On bir ayın sultanı,
Huzur, bereket geldi!!
Gümbede güm güm gümbede güm!
Nasıl güzel olmuş mu?
KARAGÖZ: Bahçenin gülleri mi solmuş. Aman Hacı cav cav bırak bahçeyi, gülleri. Ramazan geldi Ramazan! Akşama teravih namazı var unutma!
HACİVAT: Yahu Karagöz’üm ne bahçesi ne gülü! Tabii ben de teraviye gideceğim. Camiler de ışıl ışıl olmuş, minarelere mahyalar asılmış.
KARAGÖZ: Kimin sakalına çöp takılmış?
HACİVAT: Mahya diyorum camilere mahya asılmış.
KARAGÖZ: Ne yazılmış mahyaya?
HACİVAT: “Hoş geldin ya şehri Ramazan” yazılmış. Görsen ne güzel olmuş; çok seviyorum Ramazan gecelerini.
KARAGÖZ: Ramazan sevilmez mi Hacivat Çelebi. Ama yardım etmek gerekir yoksula, hadi boşalt bakalım ceplerini.
Kaynak: ReformTürk http://www.reformturk.com/piyesler/69694-hacivat-karagoz.html#post134198
HACİVAT: Doğru söyledin be Karagöz’üm.

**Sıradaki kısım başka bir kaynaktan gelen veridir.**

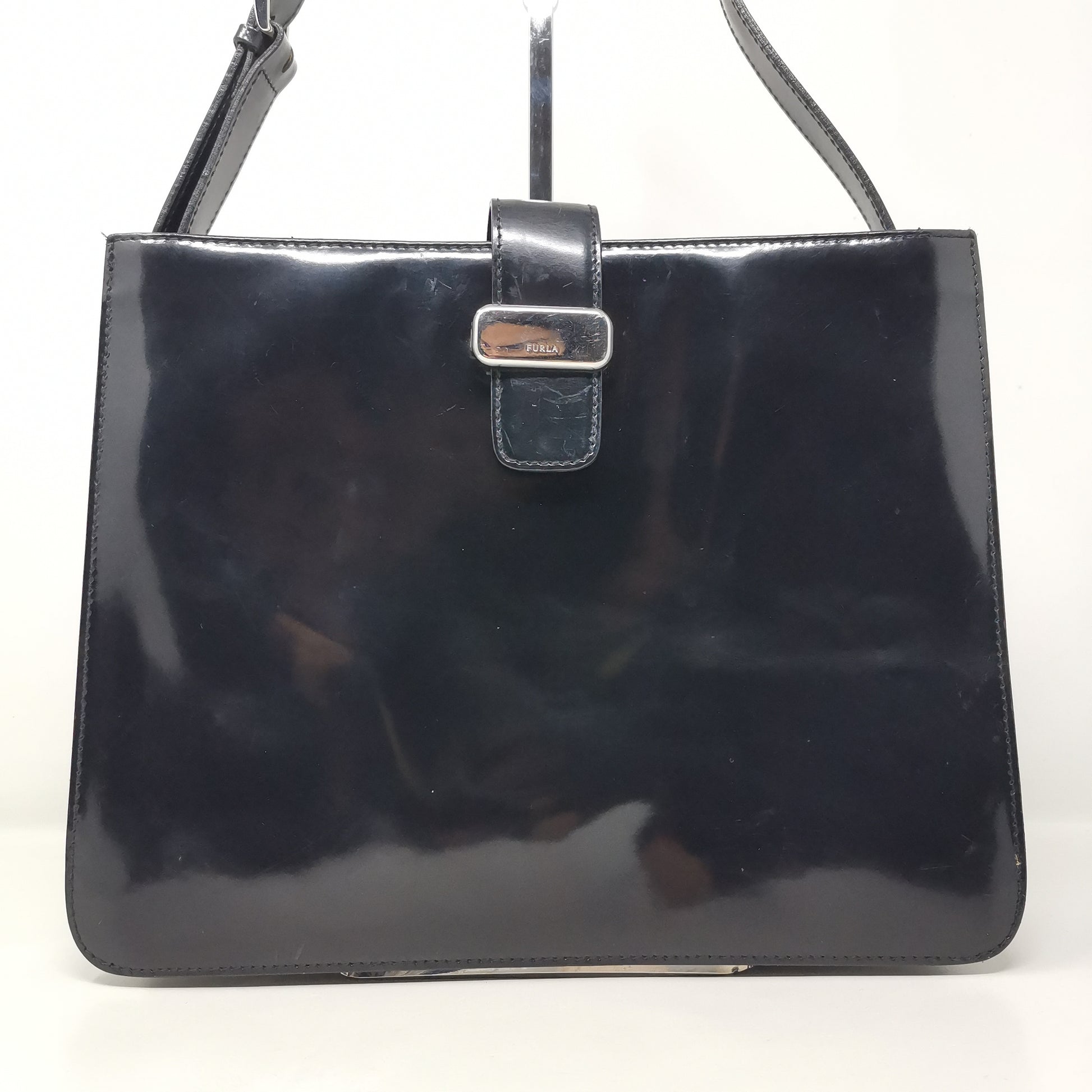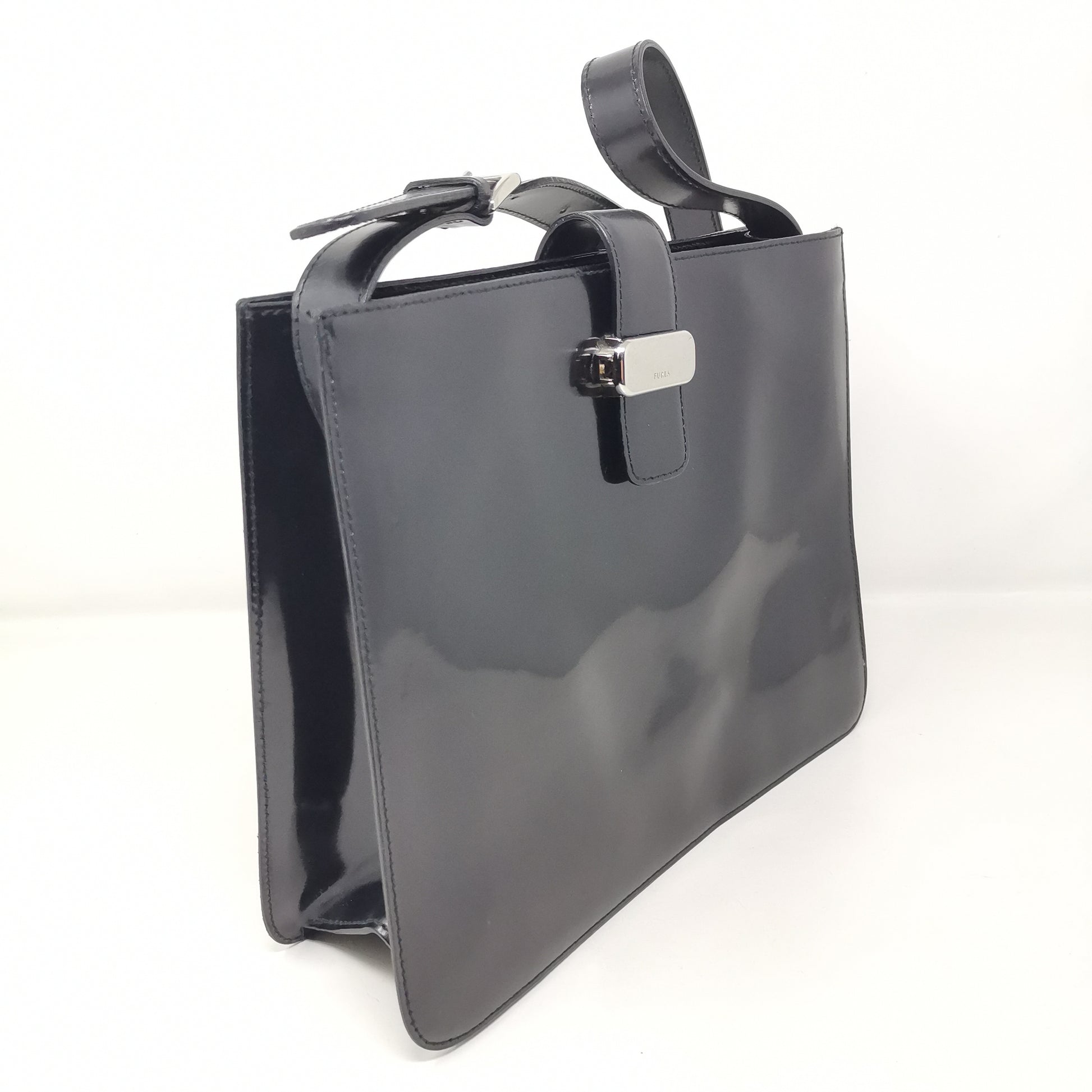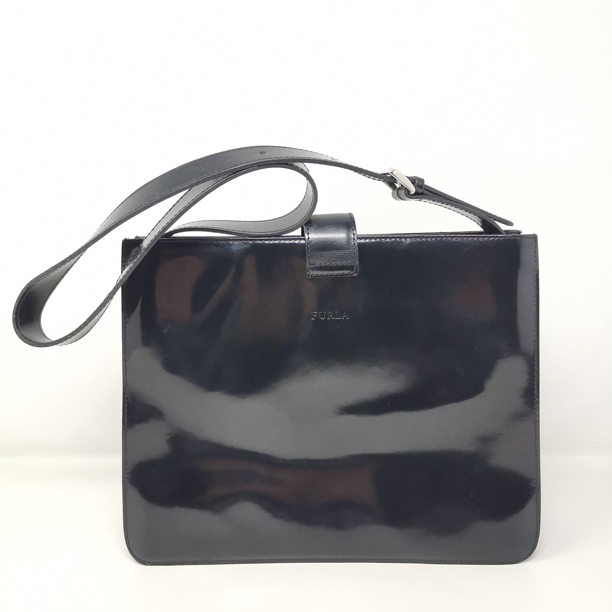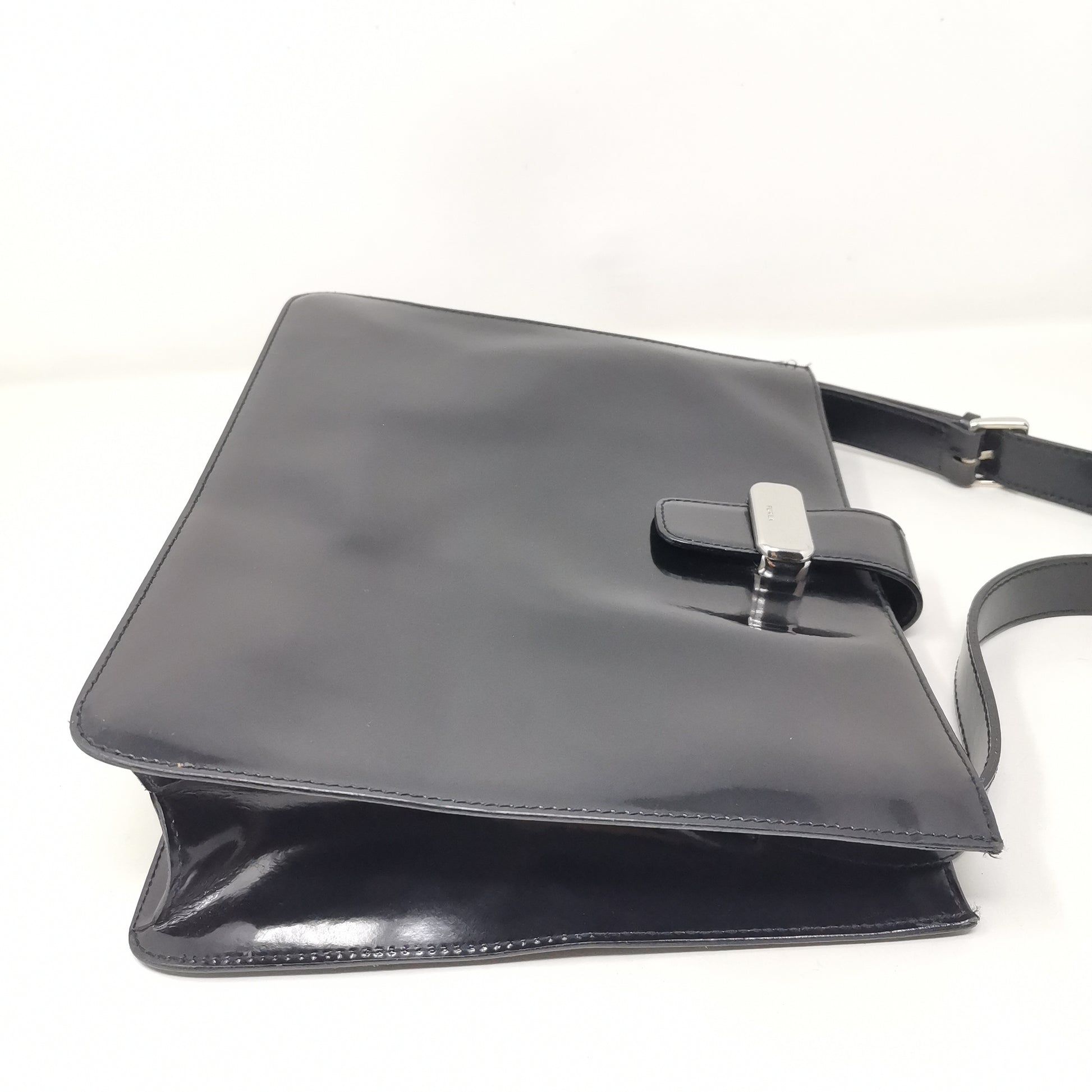 Black leather bag with single handle, fabric interior with maxi pocket that creates two compartments, closure with silver-colored metal plate. There are some marks on the leather part in general, adjustable handle. Width 29cm, height 22.5cm, depth 8cm, handle height 36cm.

Yoksullar için güzel bir yardım düşünelim ne dersin?
KARAGÖZ: Yarın mahalledeki yoksullara iftar yemeği verelim.
HACİVAT: Tamam olur, bizim Hanım çok güzel börek açar.
KARAGÖZ: Bizim Hanım da evini açar.
( Hacivat çok sevinir, sevinçten nara atar, bir yandan da davulu çalar.)
HACİVAT: Amaannn bana bir eğlence yar bana bir eğlence!!!!
KARAGÖZ: Ne bağırıyorsun Hacı cav cav kulağımın dibinde? Haydi ben gidiyorum Hanımla alışverişe çıkacağız bugün.
HACİVAT: Oooo! Maşallah efendim, alışverişiniz bereketli olsun.
KARAGÖZ: Senin kafana tokmak vurulsun!
HACİVAT: Öyle demedim Karagöz’üm, haydi ben tutmayayım seni. Akşama görüşürüz teravihte.
KARAGÖZ: Sen sallan beşikte! Hanım bekler beni alışverişte!